[[ Material supplied open ]]

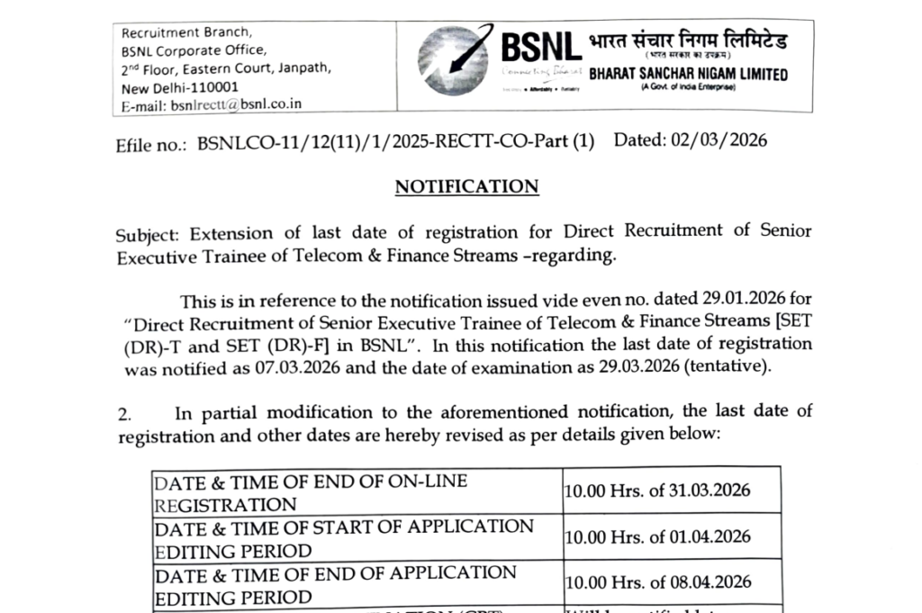 BSNL Recruitment 2026 | Salary Rs 24900 to 50500 | Last Date – 31-03-26 | Central Govt Jobs 2026
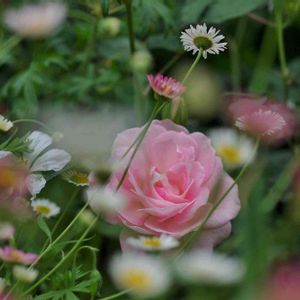 今日のお花 ミニバラ 花壇の中で埋もれてる名前知らずのピンクちゃん💓
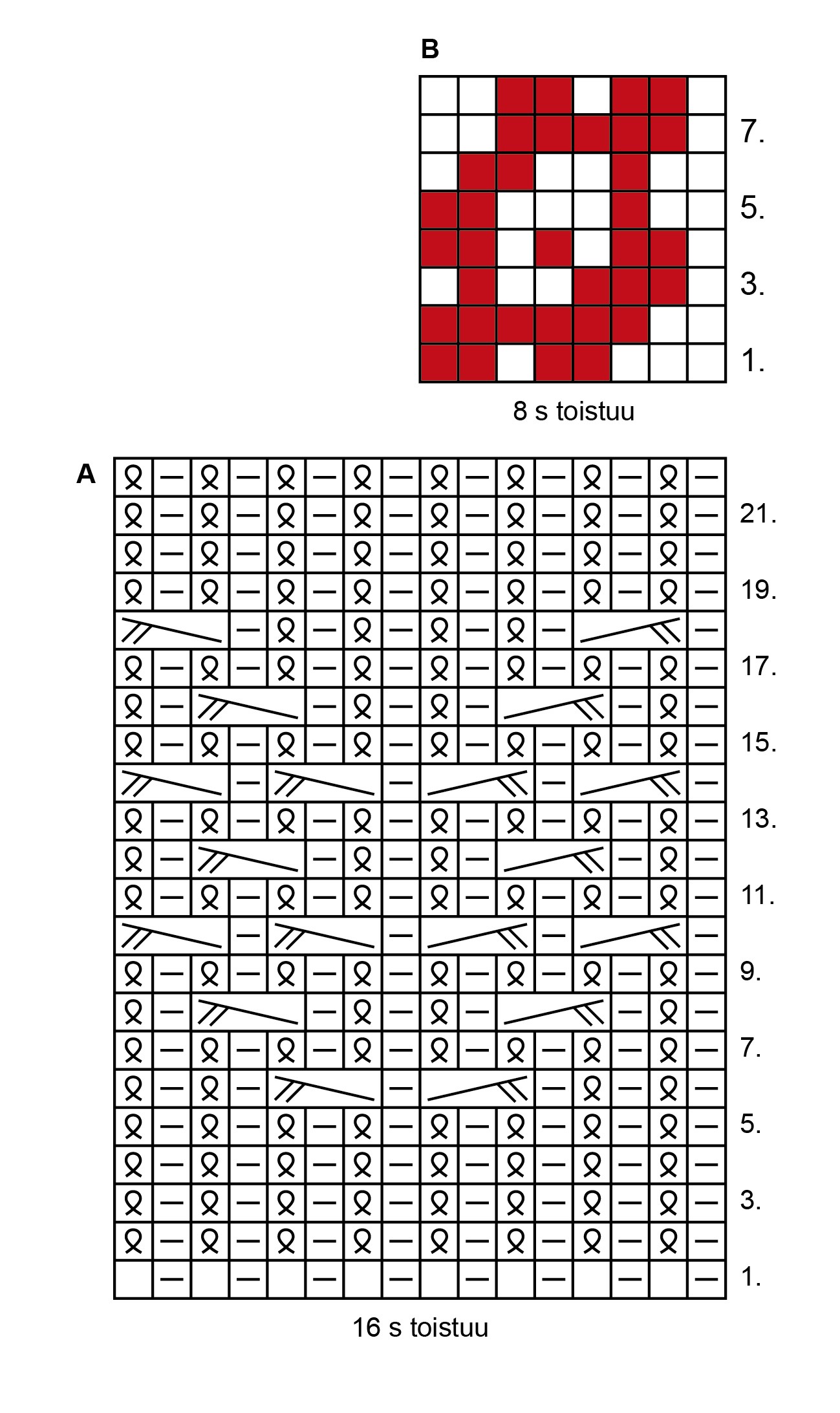 Luo pohjavärillä paksummille puikoille 64 s ja jaa ne 4:lle puikolle (= 16 s/puikko). Neulo pintaneuletta ruutupiirroksen A mukaan 22 krs. Neulo sileää neuletta 2 krs, kirjoneuletta piirroksen B mukaan 8 krs ja sileää neuletta 2 krs.
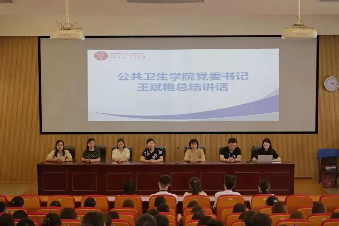 随后,王斌艳书记进行了总结讲话。王书记首先表达了对新生的热烈欢迎,随后介绍了预防医学专业的就业情景和公共卫生学科现状,并向新生们提出了三点期望:一、要爱国爱党爱校爱院爱人爱己;二、要恪守职业道德,弘扬职业精神;三、努力提升自己,恪守规章制度。
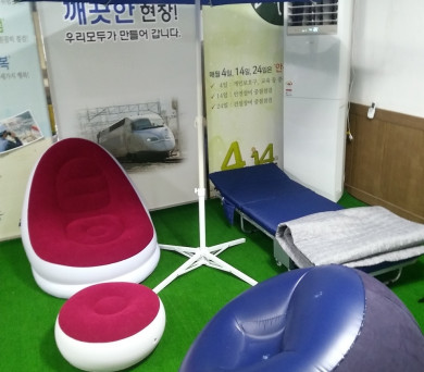 에어 소파라서 몸무게가 100키로 넘어가는 사람이 앉으면 터질까 걱정이지만 저희 회사에는 그 정도 비만은 없으시니 아무 문제 없을 것 같아요.
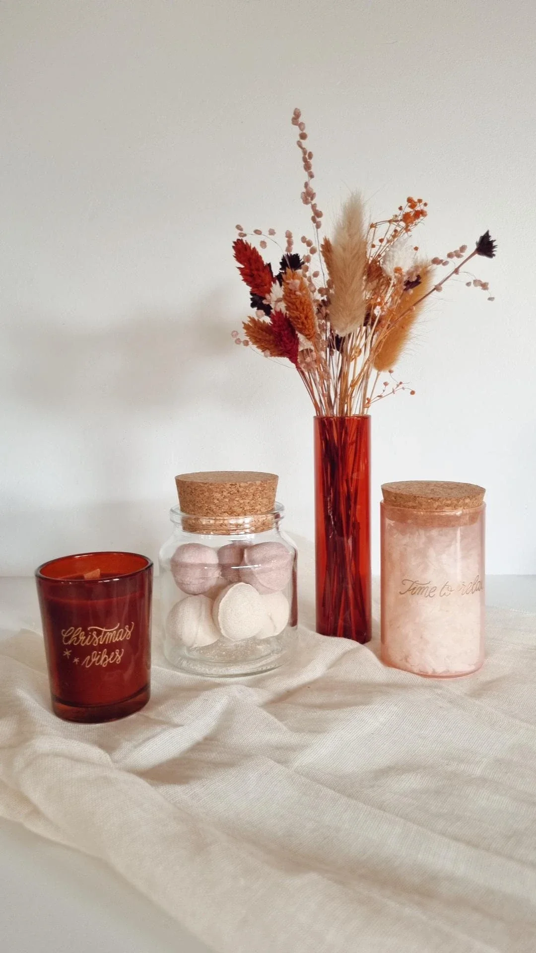 - Mini burgundy kaarsje 6x5cm (een heerlijke geur van grapefruit & bergamont) + gravure.
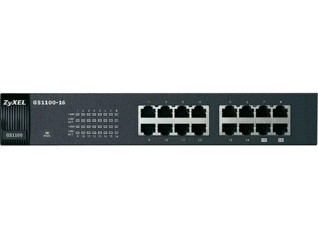 GS1100-16 je switch bez konfiguračních funkcí, který představuje nenákladné řešení, jak podstatně zvýšit rychlost síťové komunikace. GS1100-16 je možné postavit na stůl, namontovat na zeď nebo zasunout do racku a je tak ideálním řešením pro aplikace vyžadující rychlý přenos dat, jako např. přenos fotografií s vysokým rozlišením, video/audio streamování, download a připojení ke skupině serverů.
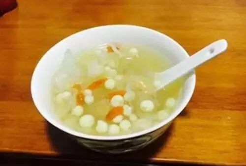 食材:芡实250克、银耳一小朵、莲子少量、枸杞少量、冰糖少量
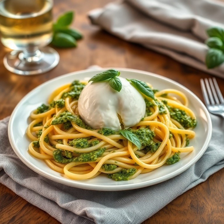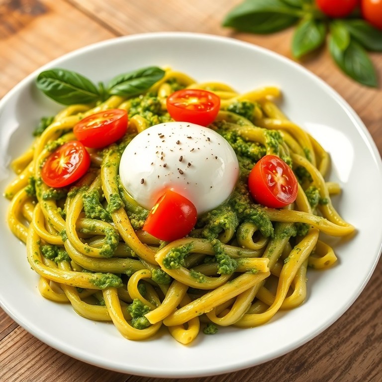 Pâtes aux saveurs méditerranéennes avec burrata et pesto
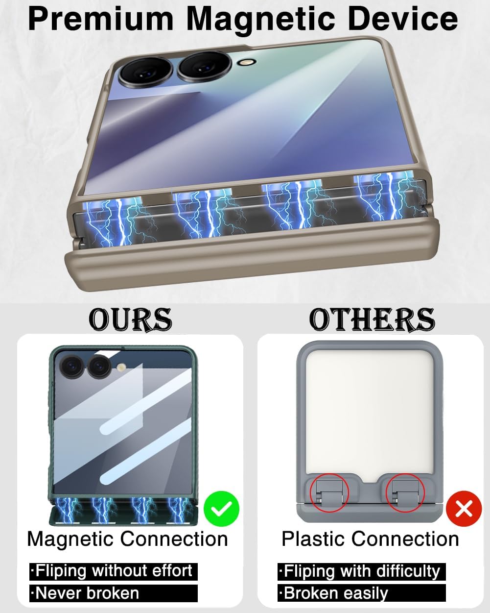 - [Advanced Hinge Protection]: Our Z Flip 7 case features an innovative hinge protection design specifically for the Galaxy Flip 7, providing complete protection from all angles. Our Z Flip 7 case is designed with a unique magnetic connection that won't be broken by impacts such as drops. Besides, our z Flip 7 case with unique design flips more smoothly without spring resistance.

[[ Material supplied closed ]]

What is needed is an exact copy of the data, with the pictures removed.

Reply to the task:
 BSNL Recruitment 2026 | Salary Rs 24900 to 50500 | Last Date – 31-03-26 | Central Govt Jobs 2026
 今日のお花 ミニバラ 花壇の中で埋もれてる名前知らずのピンクちゃん💓
 Luo pohjavärillä paksummille puikoille 64 s ja jaa ne 4:lle puikolle (= 16 s/puikko). Neulo pintaneuletta ruutupiirroksen A mukaan 22 krs. Neulo sileää neuletta 2 krs, kirjoneuletta piirroksen B mukaan 8 krs ja sileää neuletta 2 krs.
 随后,王斌艳书记进行了总结讲话。王书记首先表达了对新生的热烈欢迎,随后介绍了预防医学专业的就业情景和公共卫生学科现状,并向新生们提出了三点期望:一、要爱国爱党爱校爱院爱人爱己;二、要恪守职业道德,弘扬职业精神;三、努力提升自己,恪守规章制度。
 에어 소파라서 몸무게가 100키로 넘어가는 사람이 앉으면 터질까 걱정이지만 저희 회사에는 그 정도 비만은 없으시니 아무 문제 없을 것 같아요.
 - Mini burgundy kaarsje 6x5cm (een heerlijke geur van grapefruit & bergamont) + gravure.
 GS1100-16 je switch bez konfiguračních funkcí, který představuje nenákladné řešení, jak podstatně zvýšit rychlost síťové komunikace. GS1100-16 je možné postavit na stůl, namontovat na zeď nebo zasunout do racku a je tak ideálním řešením pro aplikace vyžadující rychlý přenos dat, jako např. přenos fotografií s vysokým rozlišením, video/audio streamování, download a připojení ke skupině serverů.
 食材:芡实250克、银耳一小朵、莲子少量、枸杞少量、冰糖少量
 Pâtes aux saveurs méditerranéennes avec burrata et pesto
 - [Advanced Hinge Protection]: Our Z Flip 7 case features an innovative hinge protection design specifically for the Galaxy Flip 7, providing complete protection from all angles. Our Z Flip 7 case is designed with a unique magnetic connection that won't be broken by impacts such as drops. Besides, our z Flip 7 case with unique design flips more smoothly without spring resistance.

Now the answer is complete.